Gradual Permission Escalation
Once read-only tests pass, gradually add write permissions:
# Stage 1: Read-only everything
-v /path:/mnt:ro
# Stage 2: Write to specific directories only
-v /path/downloads:/mnt/downloads:rw
-v /path/obsidian:/mnt/obsidian:ro # Still read-only
# Stage 3: Full write (after all tests pass)
-v /path/obsidian:/mnt/obsidian:rw
Testing Checklist
Before deploying your AI bot sandbox:
Phase 1 Complete
- Container starts with dummy data
- Read-only filesystem works
- Mount points accessible
Phase 2 Complete
- CPU limits enforced
- Memory limits enforced
- Disk quotas work
Phase 3 Complete
- Email: list/read works
- Obsidian: read works
- No write operations tested yet
Phase 4 Complete
- High-risk components backed up
- Read-only tests pass
- Gradual write permission verified
Key Takeaways
- Never test with real data first - Always start with dummy mounts
- Verify resource limits actually work - Don’t trust documentation
- Read-only before read-write - Credentials should be tested read-only first
- Backup before touching high-risk components - Signal, auth tokens, etc.

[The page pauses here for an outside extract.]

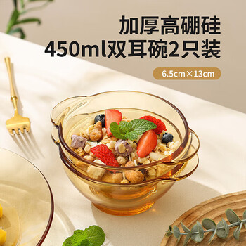 美厨(maxcook)高硼硅玻璃碗 耐热玻璃沙拉水果碗汤碗琥珀色450ml 2只装MCWA3140
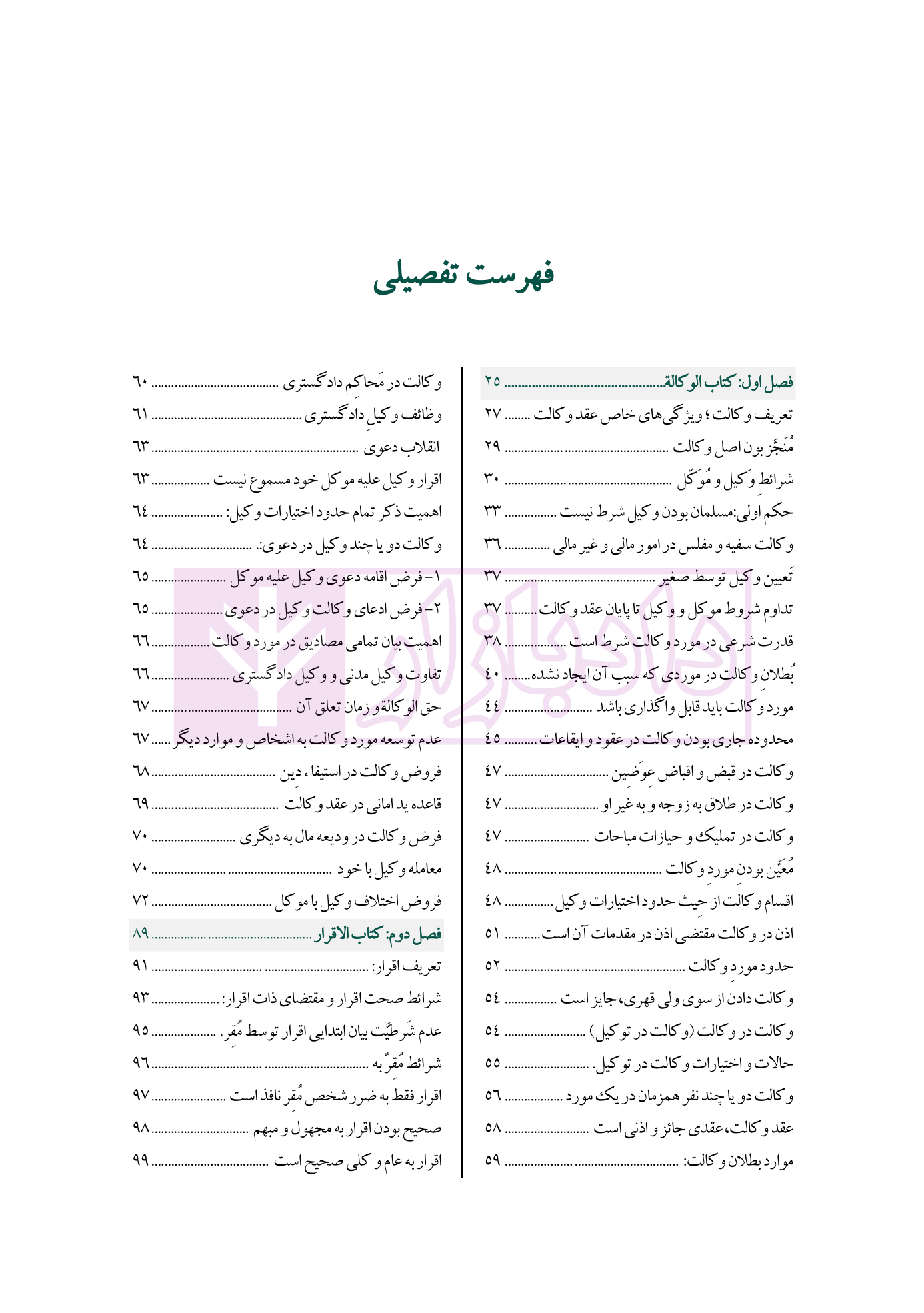 کتاب حاضر شامل آموزش آزمونی کتاب الوکالة، کتاب الإقرار، کتاب الایمان، کتاب القضا و کتاب الشهادت، کتاب الوکاله، کتاب الشهادات، می شود.

- Gradual escalation - Add permissions one at a time, verify each step
The time invested in proper sandbox testing prevents the panic of realizing your AI bot just sent emails to your entire contact list or bricked your Signal identity.
This testing approach was developed for Moltbot, a personal AI companion with access to email, Signal, and Obsidian. Each phase catches different failure modes before they become disasters.